▸ **STORED DATA**
┄┄┄┄┄┄┄┄┄┄

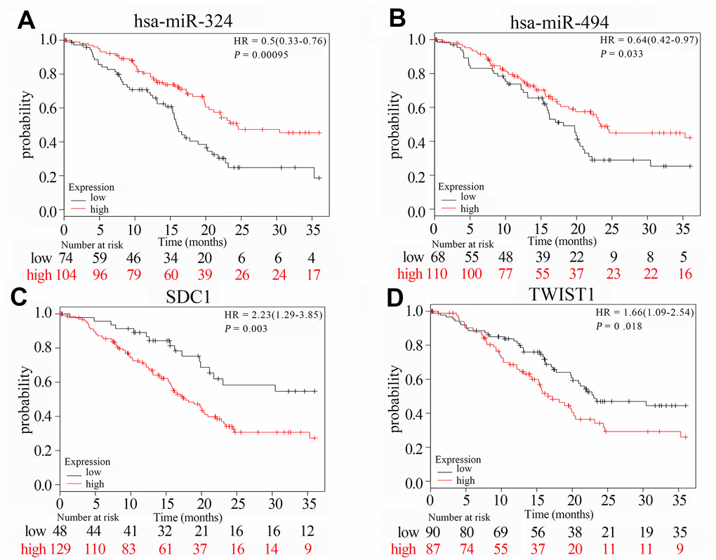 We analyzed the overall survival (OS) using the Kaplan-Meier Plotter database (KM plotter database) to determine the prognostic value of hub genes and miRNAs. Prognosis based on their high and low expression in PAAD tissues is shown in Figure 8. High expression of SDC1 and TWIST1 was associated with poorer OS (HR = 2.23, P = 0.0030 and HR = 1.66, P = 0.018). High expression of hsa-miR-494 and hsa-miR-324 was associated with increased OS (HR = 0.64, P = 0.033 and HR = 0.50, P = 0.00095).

┄┄┄┄┄┄┄┄┄┄

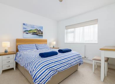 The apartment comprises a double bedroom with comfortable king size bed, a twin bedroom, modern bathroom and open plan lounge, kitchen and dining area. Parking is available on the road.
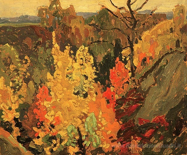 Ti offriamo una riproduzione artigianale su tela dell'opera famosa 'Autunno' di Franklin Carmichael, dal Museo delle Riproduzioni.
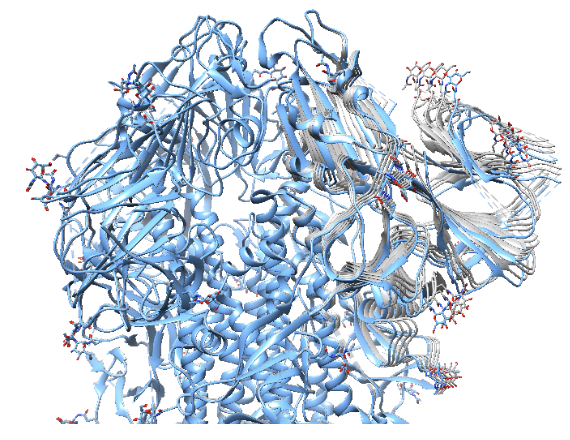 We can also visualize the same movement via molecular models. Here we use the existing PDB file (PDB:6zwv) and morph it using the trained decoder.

┄┄┄┄┄┄┄┄┄┄

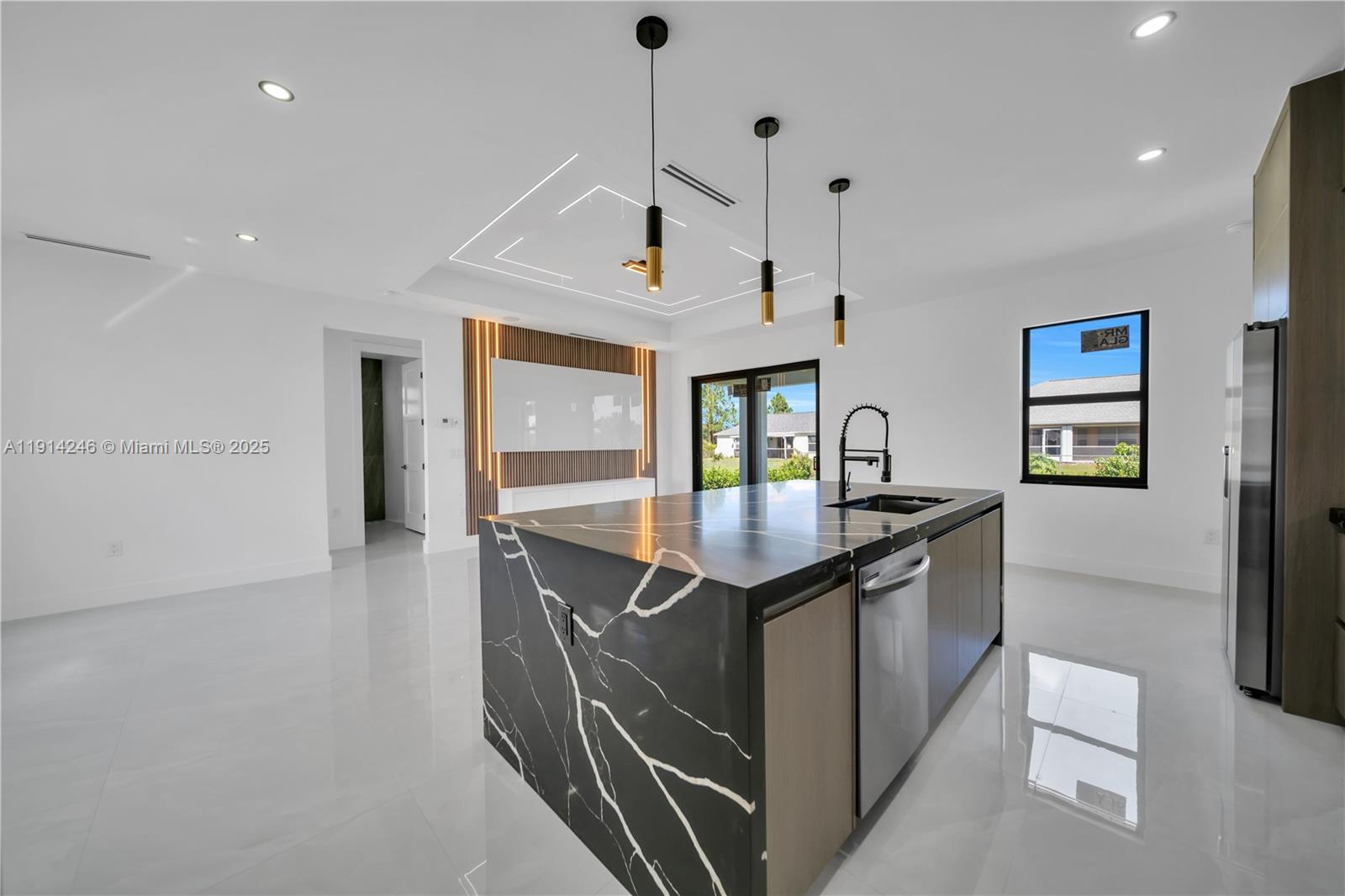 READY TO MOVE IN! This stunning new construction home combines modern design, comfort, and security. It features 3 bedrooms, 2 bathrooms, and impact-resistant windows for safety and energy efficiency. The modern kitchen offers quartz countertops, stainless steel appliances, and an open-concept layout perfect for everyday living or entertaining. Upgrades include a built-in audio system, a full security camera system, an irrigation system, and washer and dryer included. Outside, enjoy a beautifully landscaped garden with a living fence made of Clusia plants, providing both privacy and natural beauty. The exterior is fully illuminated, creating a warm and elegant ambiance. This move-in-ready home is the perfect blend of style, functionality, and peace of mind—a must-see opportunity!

┄┄┄┄┄┄┄┄┄┄

▸ **WHAT THE TASK ASKS**
What you return must match, character for character, the lines above from the one with "Ti offriamo una" through the one with "We can also", minus any pictures.

▸ **ANSWER TO THE PROBLEM**
 Ti offriamo una riproduzione artigianale su tela dell'opera famosa 'Autunno' di Franklin Carmichael, dal Museo delle Riproduzioni.
 We can also visualize the same movement via molecular models. Here we use the existing PDB file (PDB:6zwv) and morph it using the trained decoder.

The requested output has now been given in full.